Chiedendo di essere toccato, Gesù Risorto rivela agli Undici che confessare la sua risurrezione dai morti non è convincersi di un’idea o aderire a un’ideale. Il Risorto non lo si incontra sui libri ma stando nel mezzo della comunità reale, là dove egli viene in “carne e ossa” e domanda di essere toccato, palpato. Se la realtà è superiore all’idea, la carne è il sacramento del reale. Da qui l’invito “guardate le mie mani e i miei piedi: sono proprio io!”. Come ogni corpo porta in sé le tracce della vita che ha vissuto, così il corpo del Risorto porta iscritta in sé la vita di Gesù. Il corpo del Risorto è memoria vivente, perché le sue mani e i suoi piedi portano i segni della sua reale storia di carne. Così, toccare la carne del Risorto è una condizione per giungere alla fede pasquale, per gli Undici riuniti nella camera alta come per noi riuniti nelle nostre assemblee eucaristiche.

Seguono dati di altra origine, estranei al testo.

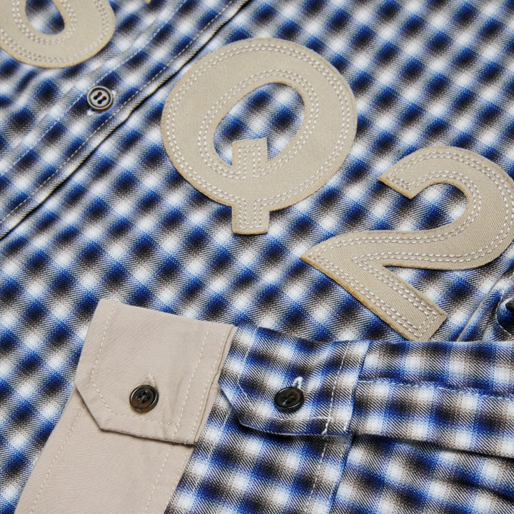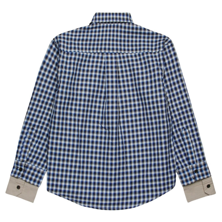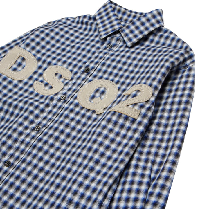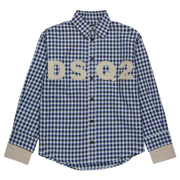 Long-sleeved shirt in lightweight cotton. Featuring an all-over print check pattern. DSQ2 logo with raw cut hem applied on the front. Double cuffs with contrasting colour insert.

Ma come toccare oggi la carne del Risorto, dato che senza contatto non c’è fede pasquale reale, ma solo ideologia? Chiedendo di essere toccato e a guardato, il Risorto ricorda ai credenti in lui di ogni generazione che non vi è altra possibile via per giungere alla fede pasquale che non passi per il contatto vivo con la sua carne, vale a dire l’unicità della sua persona, la nudità del suo essere umano, la concretezza della sua vita, la realtà del suo vissuto. Toccare la carne del Risorto significa per noi creare con la persona di Gesù una relazione vera, concreta, fattiva, amorosa: dà vita a vita, da carne a carne che è il contatto umano più reale possibile. Toccare la carne del Risorto significa “rifugiarsi nei Vangeli come nella carne di Cristo”, secondo la bella espressione di Ignazio d’Antiochia, per fare nostro quel suo sentire, per abitare i suoi pensieri, ascoltare la sua parola, discernere il senso dei gesti da lui compiuti in quelli che la Lettera agli Ebrei chiama “i giorni della sua carne” (Eb 5,7). Giorni nei quali scorre la linfa di una vita più forte della morte.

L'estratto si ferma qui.